Runtime error Cuda device side assert

I’m getting the error below, which i’m unable to understand.


I read a similar kind of error, they where taking about out of index bound error.
Can anyone help me on this>

A number of things can trigger a device-side assert error in CUDA, the most common of which being indexing an array out of bounds. Could you provide more context behind what you’re running?

1 Like

I’m trying to train a cnn model. So, when the training reaches the loss.backward(), the error occurs. The same model has worked before. But, I used torchsample to transform the images, which I did’t use previously.
I tried to run without GPU, and I got this error,
RuntimeError: Assertioncur_target >= 0 && cur_target < n_classes’ failed. at /opt/conda/conda-bld/pytorch_1503968623488/work/torch/lib/THNN/generic/ClassNLLCriterion.c:62`

Good idea trying to run on CPU, that error gives a little more context.

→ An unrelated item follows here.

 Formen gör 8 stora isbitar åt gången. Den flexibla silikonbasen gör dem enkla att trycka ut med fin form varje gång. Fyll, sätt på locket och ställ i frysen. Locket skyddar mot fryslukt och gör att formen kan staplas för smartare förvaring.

It sounds like your targets (that you’re passing to NLLLoss or CrossEntropyLoss) are out of bounds? What are your targets and how many classes are there?

Actualy it is a binary classification problem. So, I used a single neuron at the final layer, so the output I got out of the model was [50x1]. This gave rise to the following error at loss calculation,
RuntimeError: Assertioncur_target >= 0 && cur_target < n_classes’ failed. at /opt/conda/conda-bld/pytorch_1503968623488/work/torch/lib/THNN/generic/ClassNLLCriterion.c:62.
Now I squeezed the output so, that it matches the labels size of 50. But, after that, I got another problem, and I changed the output to two neurons, and it worked.
Why can’t i use a single neuron at the end?

What was the problem that you got with a single neuron?

The reason is that NLLCriterion expects the input’s last dimension to match num_classes. (http://pytorch.org/docs/0.2.0/nn.html#torch.nn.NLLLoss)

To get around this, you can

  1. explicitly write out your loss
  2. cat the Pr[0] with Pr[1], which you derive from Pr[0], together.

I got some dimension error. Sorry I couldn’t reproduce the same error. But it works now after doing what SimonW said. Thank you.